Recently I posted an article from the Tribune (Chandigarh) on my blog that highlighted the fact that a lot of noise was made about Balwant Singh Rajoana, but that apart from him there are eleven more prisoners in similar situations.

“The convicts sentenced to death and languishing in the [Panjab] jails are Vikram Singh, Jasbir Singh, Balwant Singh Rajoana, Mohinder Singh, Suraj Ahluwalia, Resham Singh, Gurnayab Singh, Kulbir Singh, Gurmukh Singh, Saleem, Judge Singh and Gurwail Singh. While some were given the sentence in 2005 and 2006, others were awarded the penalty in 2007, 2011 and 2012.”
From an article by Aman Sood, Tribune News Service, April 3.

This list does not include Devinder Pal Singh Bhullar, as he is not in a Panjabi jail.

What is needed is that groups concerned with Human Rights in Panjab come together, investigate these cases and decide on a strategy.

Whatever these convicts have been up to, whatever their crimes, nobody deserves to be condemned to death and then live for years between hope of life and fear of death. And I hope that most Sikhs will agree with me that the death penalty should be abolished altogether.

I think that we should make an inventory of those that are still in prison as a result of (alleged) crimes committed during the period from the late seventies till the early nineties, some of whom might never have been convicted of any crime.

It was good that we were present in Leuven (near Brussel) when Kamal Nath addressed a conference there.
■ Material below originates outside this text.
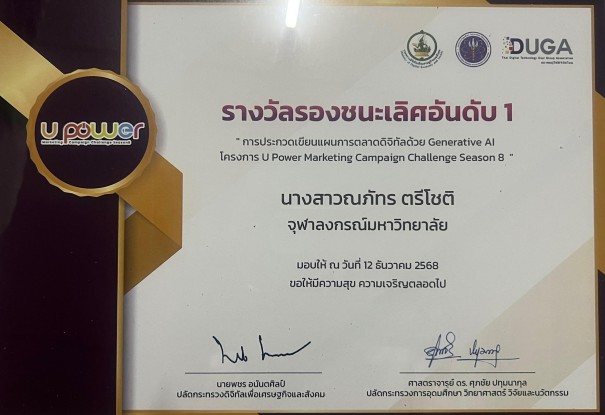 ได้รับรางวัลชนะเลิศอันดับที่ 1 และทุนการศึกษาสนับสนุนจากแบรนด์ Say Ohh จัดโดยกระทรวงดิจิทัลเพื่อเศรษฐกิจและสังคม (MDES) และสมาคมผู้ใช้ดิจิทัลไทย (DUGA) ร่วมกับแบรนด์ 10 องค์กร แข่งเมื่อวันที่ 10 กันยายน 2568 – 12 ธันวาคม 2568
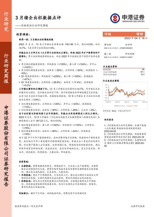 【申港证券】【20230416】20230416-申港证券-农林牧渔行业研究周报:3月猪企出栏数据点评-13页

But also in this type of situations we run from incident to incident, there is no strategy.

We have been told that the Indian central government has passed an amendment of the Anand Marriage Act which would allow Sikhs to marry without having to register under the Hindu Marriage Act.

In most European countries Sikhs have no problem marrying according to the Anand Karaj ceremony as set out in the Sikh Rehat Maryada, while registering their marriage under a neutral general act.

This is not a feasible option in India as long as article 25 of the constitution throws Buddhists, Hindus, Jains and Sikhs together on one messy heap !

We have to constantly hammer this point, not by denying the common roots of the four Dharmic religions, but by insisting that within that context all four have their own particular tradition.

Let us all stop saying that spiritual verses of Muslims and Hindus are included in the Guru Granth Sahib, but be specific and say that verses of Sufi Muslims and Bhakti Hindus are to be found in our Eternal Guru. That might also do away with this strange idea that Guru’s Sikhí is a cocktail of Islam and Hinduism.

509.The Man in Blue – Big decisions !

Life ain’t easy ! Those that know me and those of you who read column 503 and 504, know that I want to go back to Southall.

Although Belgian Limburg is not a bad part of the world, and although I love the walking and cycling, I do miss the big sangat and the many Gurdwaré of London. I miss the big city atmosphere and all the buses, trams, undergrounds and trains. I miss meeting with people of many cultures and religions, I miss working together with people of all different backgrounds.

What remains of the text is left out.